### RECORDS PROVIDED
★ ★ ★ ★ ★ ★ ★

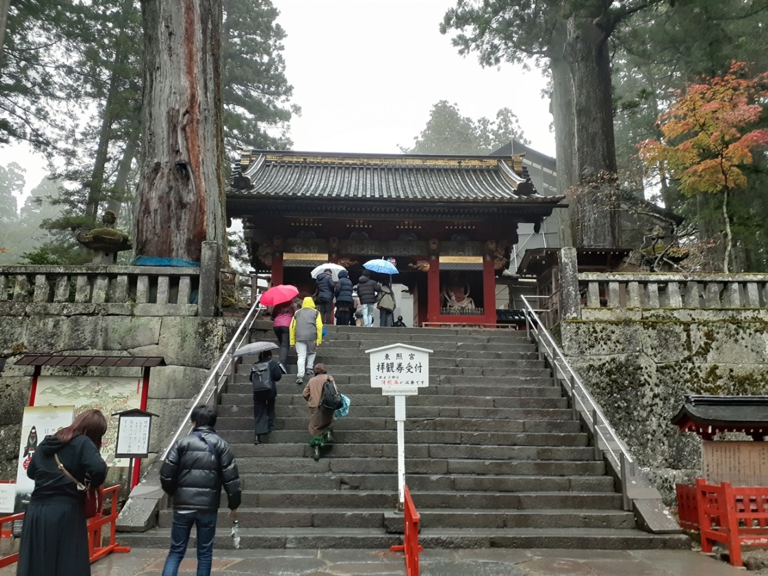 昨日は東照宮、二荒山神社等雨交じりの天候での参拝であったが、本日は雲もあまり見えない程の澄み渡った晴天。但し風がやや強く、肌寒さも感じる。海抜高度1,269m故だろう。事前に防寒着であるジャンバーを着込んでから参拝を開始する。
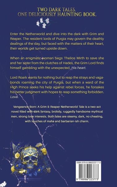 Two Dark Tales. One deliciously haunting book. Enter the Netherworld and dive into the dark with Grim and Reaper. The resident lords of Purgia may govern the deathly dealings of the day, but faced with the matters of their heart, their worlds get turned upside down. When an enigmatic woman begs Thelios Mirth to save she and her sister from the clutches of Hades, the Grim Lord finds himself gambling with the unexpected. His heart. Lord Roark wants for nothing but to reap the strays and vagabonds roaming the city of Purgia, but when a ward of the High Prince seeks his help against rebel forces, he forsakes his better judgment with hopes to reap something forbidden. Love. Vengeance Born: A Grim & Reaper Netherworld Tale is a two-act novel filled with dark fantasy, broody, ruggedly handsome mythical men, strong love interests. Both tales are steamy, dark, no cheating, with touches of mafia and barbarian-ish charm. Readers of the Fire duet, Fire Kissed & Fire Born will be happy to see Grim & Reaper again, while newbies get to dive head-first in an interconnected, yet standalone book. Author Note: Mature content. Suitable for ages 18+. Contains sexual situations, pillow talk, violence among supernatural creatures, discussions of death and morbidity and some gore. Ebooks will be emailed via Bookfunnel using the email address provided at purchase. See included FAQ for additional ebook delivery information.
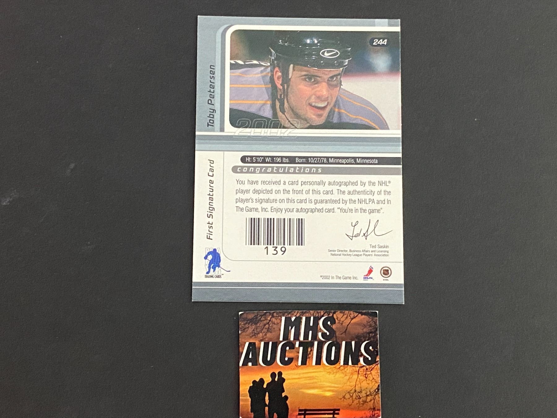 TOBY PETERSEN 2002 IN THE GAME FIRST SIGNATURE CARD AUTOGRAPH HOCKEY CARD
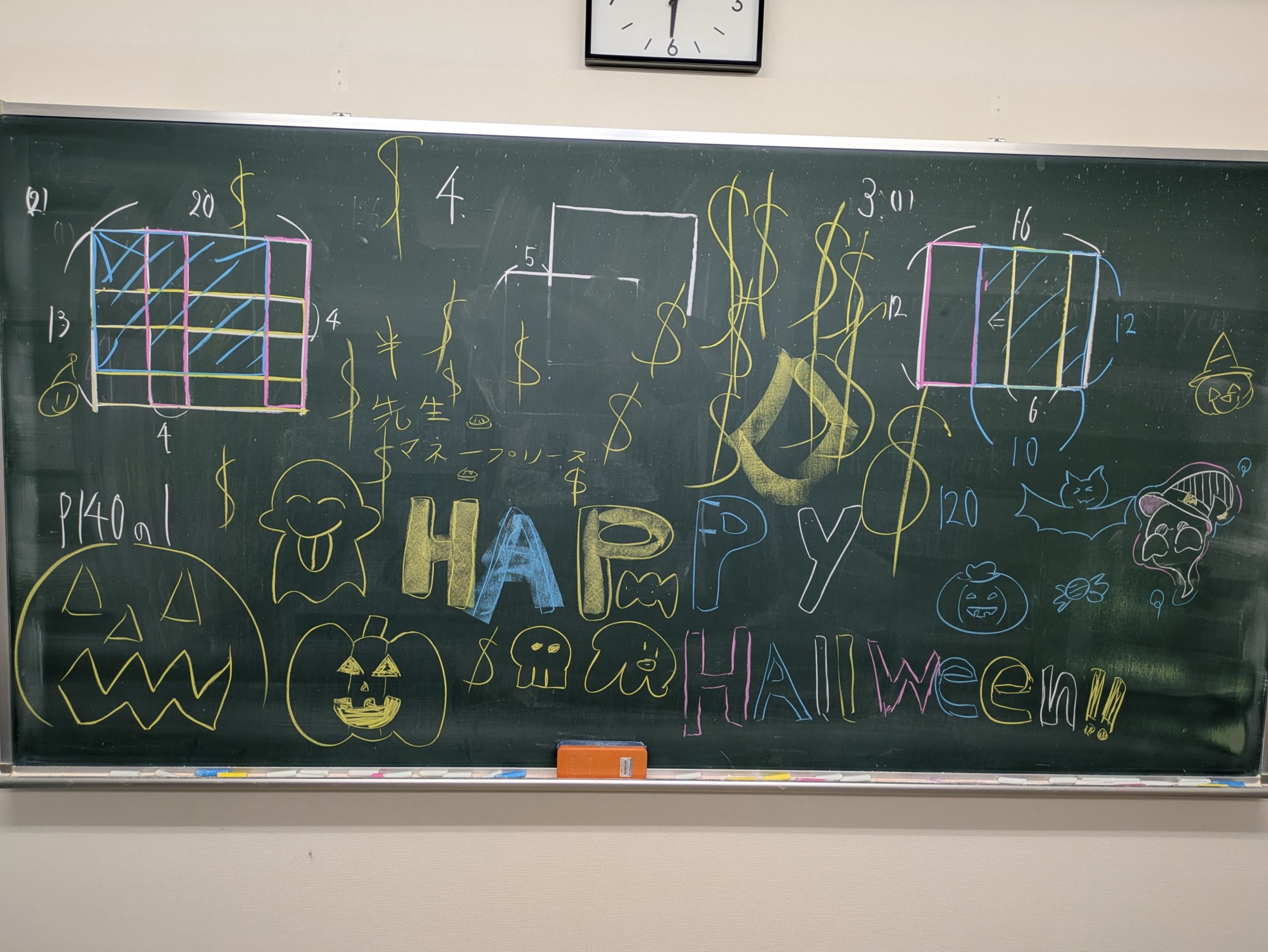 HOME 指導方針 小学部カリキュラム 中学部カリキュラム 教室・講師紹介 生徒・保護者の声 費用 体験授業 よくあるご質問 お問い合わせ ブログ 大山崎進学教室〒618-0071京都府乙訓郡大山崎町大山崎鏡田24-14TEL:075-957-5556 Home > ブログ > Happy Halloween ブログ Happy Halloween 本日の小6クラス算数の授業前、直前にオンライン授業の申し込みが入りバタバタしている私を見て、 「少しだけ黒板に落書きしていい?」 「じゃあ、5分だけな」 『よし、オンライン授業の案内メール、送信完了!!』 『さあ、いざ授業へ!!』と黒板に向かうと・・・・・ Hppy Halloween 素敵な夜をお過ごしください。 カテゴリー お知らせ 塾長日記 塾長紹介 高校受験 投稿ナビゲーション « 授業動画を無料で配信します冬期講習会の受講生を募集しています »
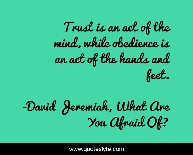This page presents the quote "Trust is an act of the mind, while obedience is an act of the hands and feet.". Author of this quote is David Jeremiah, What Are You Afraid Of?. This quote is about god, trust, obedience, christianity,.
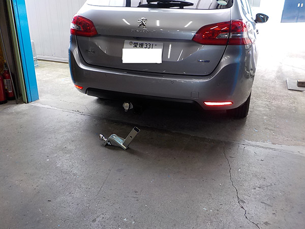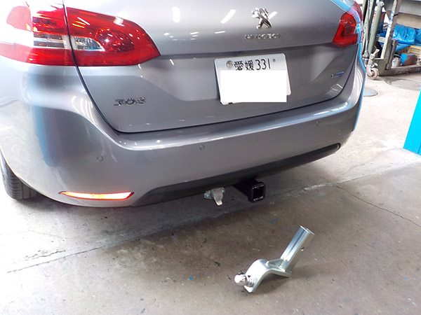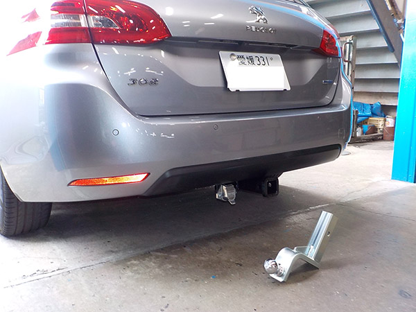 プジョー308SWに特注ヒッチメンバー製作取付しています。
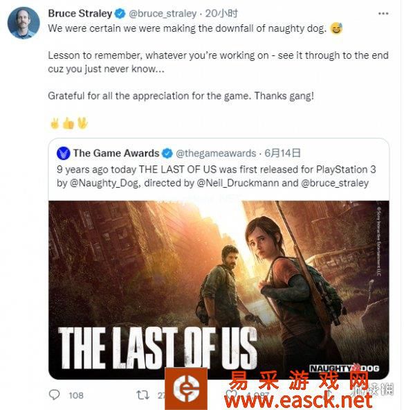 PS3版《最后生还者》九周年之际,前游戏总监Bruce Strale在推特分享了当时开发该游戏的小插曲。“我们当时确信这款游戏会让顽皮狗垮台。要记住的一课,无论你做任何事,坚持到底,因为你永远不知道会发生什么。感谢大家对游戏的欣赏!”
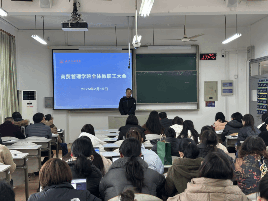 会上,学院院长孔冬作了新学期工作部署,他指出,2025年学院要紧紧围绕立德树人根本任务,以学校三个大学战略目标为指引,锚定具有国际视野、扎实基础、数智转型的高素质商科应用型人才培养目标,以三个聚焦为抓手,积极进行人才培养和课程体系的改革,加大开放和融合,在商院文化的浸润熏陶下,整体发力推动学院高质量发展。
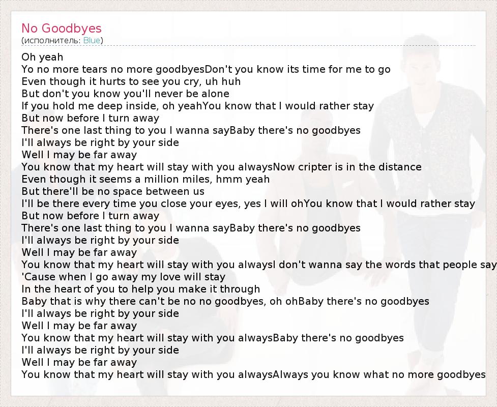 Oh yeah Yo no more tears no more goodbyesDon't you know its time for me to go Even though it hurts to see you cry, uh huh But don't you know you'll never be alone If you hold me deep inside, oh yeahYou know that I would rather stay But now before I turn away There's one last thing to you I wanna sayBaby there's no goodbyes I'll always be right by your side Well I may be far away You know that my heart will stay with you alwaysNow cripter is in the distance Even though it seems a million miles, hmm yeah But there'll be no space between us I'll be there every time you close your eyes, yes I will ohYou know that I would rather stay But now before I turn away There's one last thing to you I wanna sayBaby there's no goodbyes I'll always be right by your side Well I may be far away You know that my heart will stay with you alwaysI don't wanna say the words that people say 'Cause when I go away my love will stay In the heart of you to help you make it through Baby that is why there can't be no no goodbyes, oh ohBaby there's no goodbyes I'll always be right by your side Well I may be far away You know that my heart will stay with you alwaysBaby there's no goodbyes I'll always be right by your side Well I may be far away You know that my heart will stay with you alwaysAlways you know what no more goodbyes

★ ★ ★ ★ ★ ★ ★

### WHAT YOU NEED TO DO
An exact copy of the lines from the line containing "This page presents" through the final line of the listing, without pictures, is the expected result.

### WRITTEN SOLUTION
This page presents the quote "Trust is an act of the mind, while obedience is an act of the hands and feet.". Author of this quote is David Jeremiah, What Are You Afraid Of?. This quote is about god, trust, obedience, christianity,.
 プジョー308SWに特注ヒッチメンバー製作取付しています。
 PS3版《最后生还者》九周年之际,前游戏总监Bruce Strale在推特分享了当时开发该游戏的小插曲。“我们当时确信这款游戏会让顽皮狗垮台。要记住的一课,无论你做任何事,坚持到底,因为你永远不知道会发生什么。感谢大家对游戏的欣赏!”
 会上,学院院长孔冬作了新学期工作部署,他指出,2025年学院要紧紧围绕立德树人根本任务,以学校三个大学战略目标为指引,锚定具有国际视野、扎实基础、数智转型的高素质商科应用型人才培养目标,以三个聚焦为抓手,积极进行人才培养和课程体系的改革,加大开放和融合,在商院文化的浸润熏陶下,整体发力推动学院高质量发展。
 Oh yeah Yo no more tears no more goodbyesDon't you know its time for me to go Even though it hurts to see you cry, uh huh But don't you know you'll never be alone If you hold me deep inside, oh yeahYou know that I would rather stay But now before I turn away There's one last thing to you I wanna sayBaby there's no goodbyes I'll always be right by your side Well I may be far away You know that my heart will stay with you alwaysNow cripter is in the distance Even though it seems a million miles, hmm yeah But there'll be no space between us I'll be there every time you close your eyes, yes I will ohYou know that I would rather stay But now before I turn away There's one last thing to you I wanna sayBaby there's no goodbyes I'll always be right by your side Well I may be far away You know that my heart will stay with you alwaysI don't wanna say the words that people say 'Cause when I go away my love will stay In the heart of you to help you make it through Baby that is why there can't be no no goodbyes, oh ohBaby there's no goodbyes I'll always be right by your side Well I may be far away You know that my heart will stay with you alwaysBaby there's no goodbyes I'll always be right by your side Well I may be far away You know that my heart will stay with you alwaysAlways you know what no more goodbyes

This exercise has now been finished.